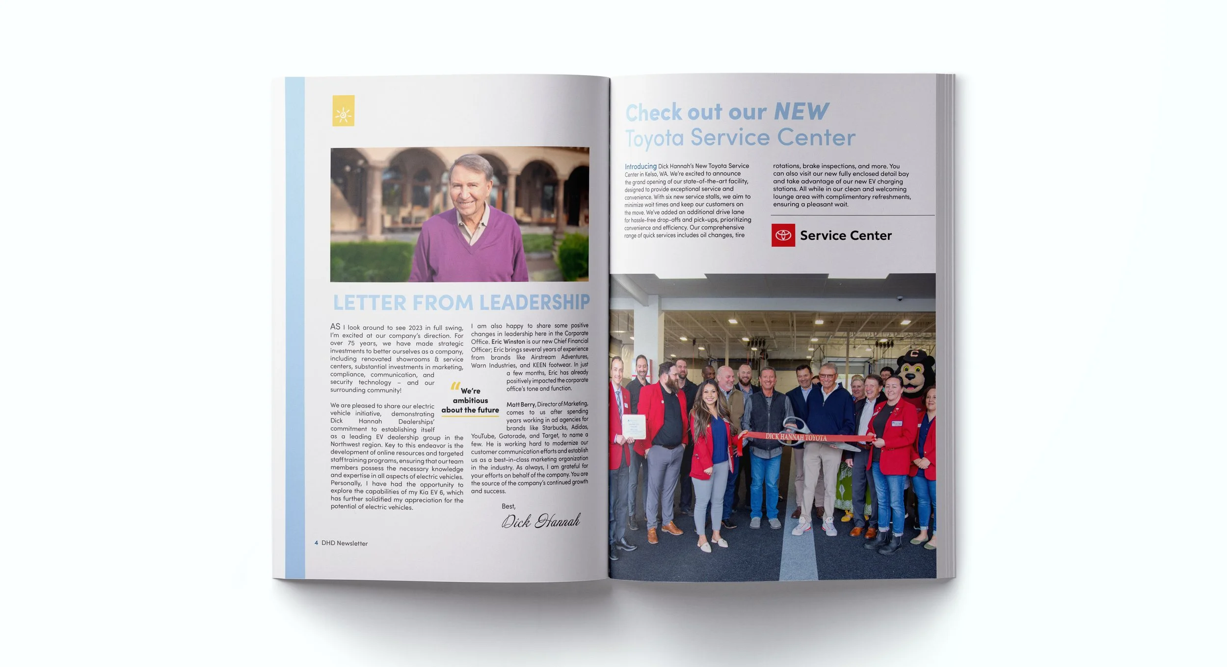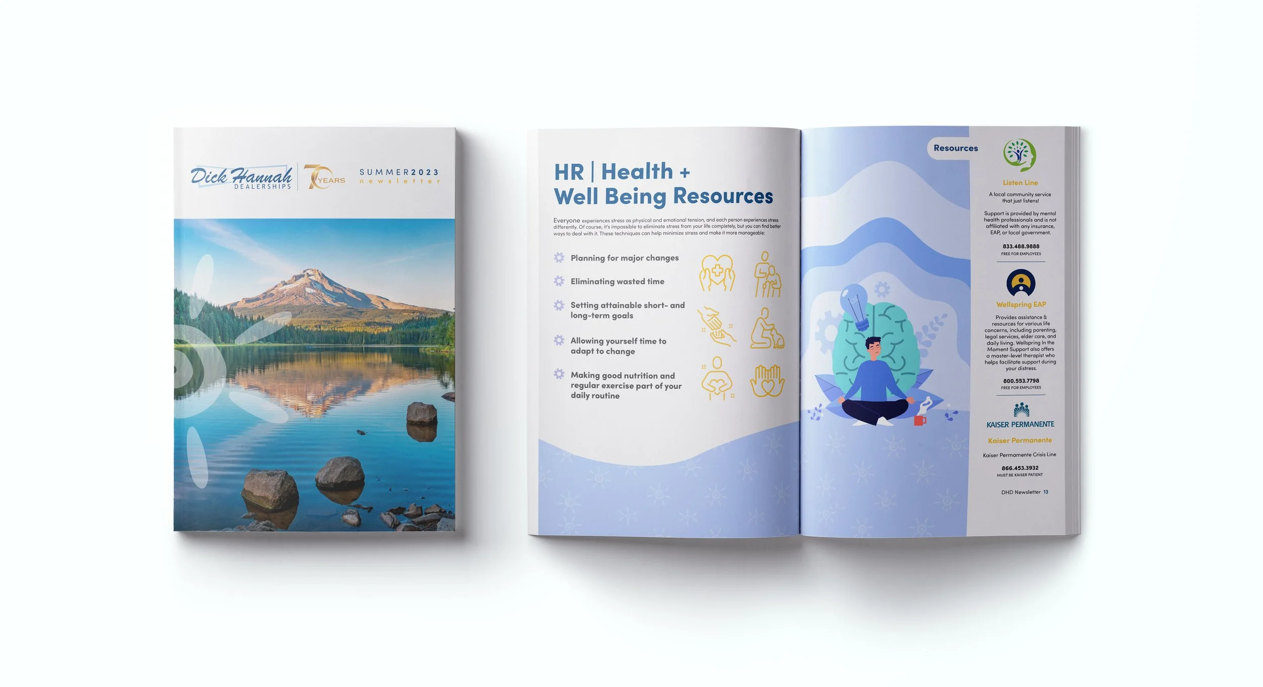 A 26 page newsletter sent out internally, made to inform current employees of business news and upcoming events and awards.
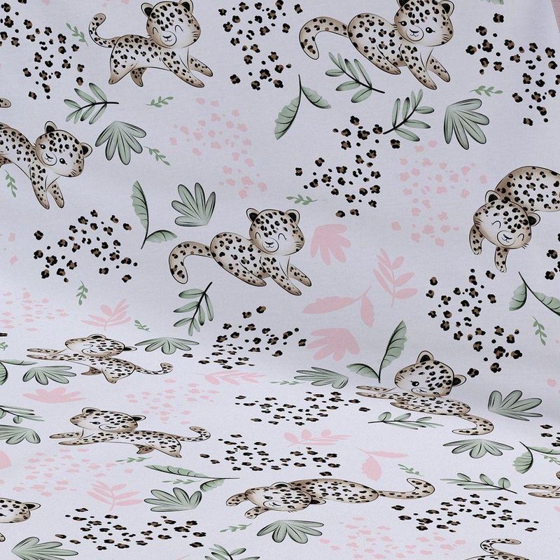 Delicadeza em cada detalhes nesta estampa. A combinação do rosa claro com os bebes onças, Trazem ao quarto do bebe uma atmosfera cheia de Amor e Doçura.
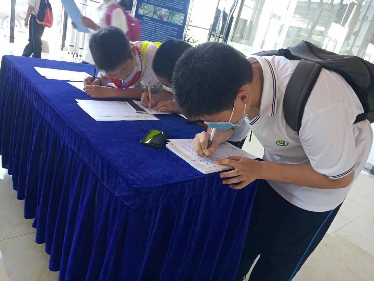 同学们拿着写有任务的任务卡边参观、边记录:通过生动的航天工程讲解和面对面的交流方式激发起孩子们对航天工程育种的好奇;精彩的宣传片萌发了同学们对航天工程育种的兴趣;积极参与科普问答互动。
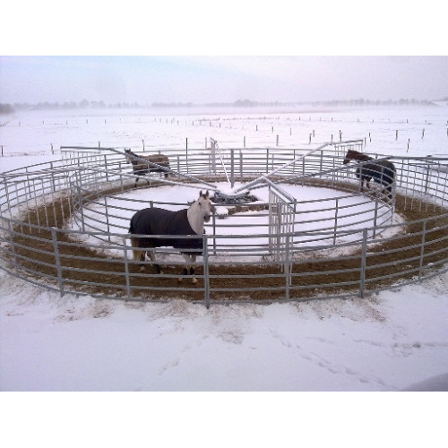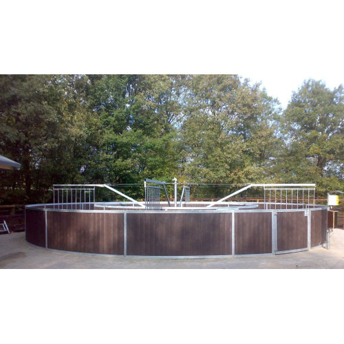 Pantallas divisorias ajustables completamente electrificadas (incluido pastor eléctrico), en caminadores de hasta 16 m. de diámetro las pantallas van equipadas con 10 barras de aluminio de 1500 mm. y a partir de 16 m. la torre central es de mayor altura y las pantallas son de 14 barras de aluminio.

------------

=== Aim of the exercise ===
Return the listing above unchanged, apart from dropping its pictures.

=== Solution ===
 A 26 page newsletter sent out internally, made to inform current employees of business news and upcoming events and awards.
 Delicadeza em cada detalhes nesta estampa. A combinação do rosa claro com os bebes onças, Trazem ao quarto do bebe uma atmosfera cheia de Amor e Doçura.
 同学们拿着写有任务的任务卡边参观、边记录:通过生动的航天工程讲解和面对面的交流方式激发起孩子们对航天工程育种的好奇;精彩的宣传片萌发了同学们对航天工程育种的兴趣;积极参与科普问答互动。
 Pantallas divisorias ajustables completamente electrificadas (incluido pastor eléctrico), en caminadores de hasta 16 m. de diámetro las pantallas van equipadas con 10 barras de aluminio de 1500 mm. y a partir de 16 m. la torre central es de mayor altura y las pantallas son de 14 barras de aluminio.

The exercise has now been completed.